Recently, I’ve noticed a fall in engagement. People aren’t following me as often. I studied my tweets and campaign and realized a few things I wasn’t maximizing on.

First, TIME MATTERS!

Don’t just send tweets out there and think it will pay dividends. You need to know when people are on Twitter, and when they are engaging with posts.

Current statistics are showing 12, 3, 5, and 6 are the best times to post.

I use tweetdeck.twitter.com to schedule my tweets during those times. I schedule 4 a day, and I use my branding to help me decide what to tweet about. (If you want me to go into branding, let me know and I’ll write a post about that too.)

For now, I’m only scheduling my tweets for weekdays because I have time on the weekends to be more authentic. I’m also working on branding during the workweek, so it is easier to schedule those tweets because they follow a theme.

In case you didn’t know, Wednesday is the highest engagement day of the week. Since you are only supposed to “sell” 10% of your posts/items, Wednesday is the day you should “sell.” I use quotation marks because the reality is anytime you want a person to click a link, you are selling. If you want them to go to your blog, signup for your newsletter, like/comment/retweet, etc you are selling. It isn’t reserved for just books.

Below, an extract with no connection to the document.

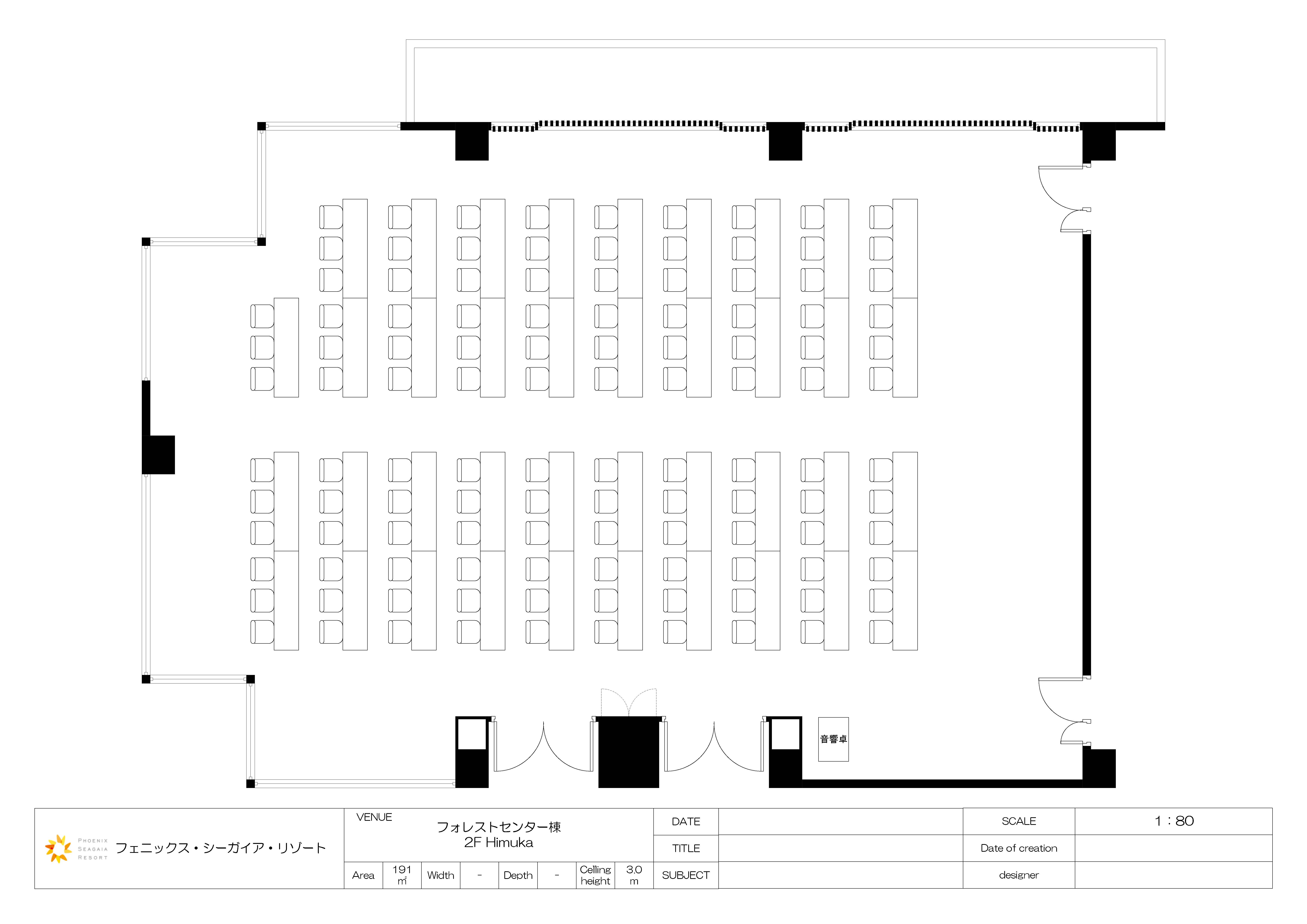 「Himuka:全面」は、シーガイア・フォレスト・コテージ センター棟2階に位置する中会議室です。

The other 90% of the time you should be adding value to the community and your readers.

2 Comments

  1. Reply

    What do you feel about social media platforming really? I mean to me it’s pointless. Nobody says. ‘I want something to read. I know I’ll have a look on FB or twitter to find a book.’ do they? so we will never sell books that way. UNless our publishers get our books on bookshelves, we will remain invisible no matter how much we do on FB and Twitter, right?

    • jlburrows

      Reply

      Mason, thank you for asking this question. I feel social media platforming is essential to success. I agree with you that I’ve never gone to Facebook or Instagram to buy a book, but I’m not everyone, and I don’t think the platform works that way. In my opinion, the platform is more like networking, getting to know people, sharing resources, showing who you are, and then the result comes from sales on Amazon or at book stores or through getting a book deal.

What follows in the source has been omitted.